Она оперлась на его руку. Возможно, таким образом, в физическом контакте с ним, она хотела приручить его и одолеть его телесность! Они шли вдвоем, рядышком, как влюбленная парочка, мы же – вшестером – несколько сзади, как почетная свита; это действительно было похоже на роман, разве не точно так же совсем недавно мы сопровождали Геню и Вацлава?
Роман, но трагичный роман. Я думаю, что для Амелии эта минута, когда она ощутила на себе его раздевающий взгляд, была не из приятных – ведь к ней никто не смел так относиться, уважение и любовь окружающих были ее уделом с самых ранних лет. Что же он такое знал и каким было его знание, если он осмелился так с ней обращаться? Она была абсолютно уверена, что искренность ее духовных борений, которыми она завоевала симпатии людей, не может быть поставлена под сомнение, и поэтому она боялась не за себя, она боялась за самое вселенную, ибо в данном случае ее мировоззрению противостояло другое мировоззрение, не менее серьезное, продиктованное также отходом на какие-то последние рубежи…
Эти две силы шествовали рядышком, под ручку, по широкому лугу, а солнце уже опускалось и набухало, краснело; от нас протянулись длинные тени. Геня шла с Вацлавом, Ипполит с Марией. Я сбоку. И Кароль. Та парочка перед нами, увлеченная своей беседой. Но их беседа, собственно, ничего не значила. Они говорили о… Венеции.
В какой-то момент она остановилась.
– Посмотрите вокруг. Как красиво!
Он ответил:
– Да, разумеется. Очень красиво.
Это было сказано, только чтобы ей поддакнуть.
Она вздрогнула от внезапного раздражения. Ответ был не по существу – лишь бы уклониться от настоящего ответа, – хотя и произнесен подчеркнуто и даже с чувством, но с чувством-то – актерским. Она же добивалась искреннего восхищения вечером как творением Бога и хотела, чтобы он возлюбил Создателя хотя бы в Его творении. Вся ее чистота взывала к нему.
– Ну, пожалуйста, приглядитесь повнимательней. Разве это не прекрасно?

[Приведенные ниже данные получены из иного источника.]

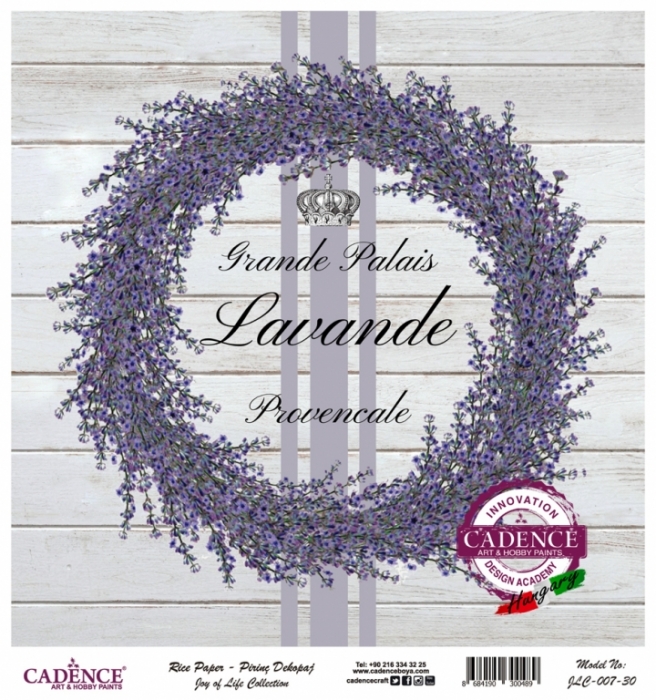 32 x 32 cm méretű rizspapír, découpage technikához. Felragasztásához a Découpage Plus ragasztót használd, a kész munkát vízbázisú akril lakkal védd le.

На этот раз он, призванный к порядку, сосредоточился, собрался с силами и сказал действительно искренно, насколько он, конечно, мог, и даже с некоторым волнением в голосе:
– Ну, конечно же, очень красиво, да, великолепно.
У нее не могло быть претензий. Чувствовалось, что он прилагает все усилия, чтобы ей угодить. Но его роковое свойство: когда он что-то говорил, казалось, что он это говорит, чтобы не сказать чего-то другого… Чего? Амелия решила играть в открытую и, не двигаясь с места, констатировала:
– Вы атеист.
Прежде чем высказаться по такому деликатному вопросу, он огляделся по сторонам, как бы проверяя реальность мира, и сказал… потому что вынужден был, потому что ничего другого не мог сказать, потому что его ответ уже был продиктован вопросом:
– Я атеист.
Но и опять он это сказал, чтобы не говорить чего-то другого! Это было так заметно! Она замолчала, будто ее лишили возможности спорить. Если бы он действительно был неверующим, она могла бы с ним побороться и тогда продемонстрировала бы всю глубочайшую «крайность» собственной правоты, ха, она боролась бы с ним как равная с равным. Но для него слова служили только для утаивания… чего-то другого. Чего? Чего? Если он не был ни верующим, ни неверующим, то кем же он был? Начиналась область неопределенного, какой-то странной инаковости, в которой она терялась, ошеломленная и выброшенная из игры.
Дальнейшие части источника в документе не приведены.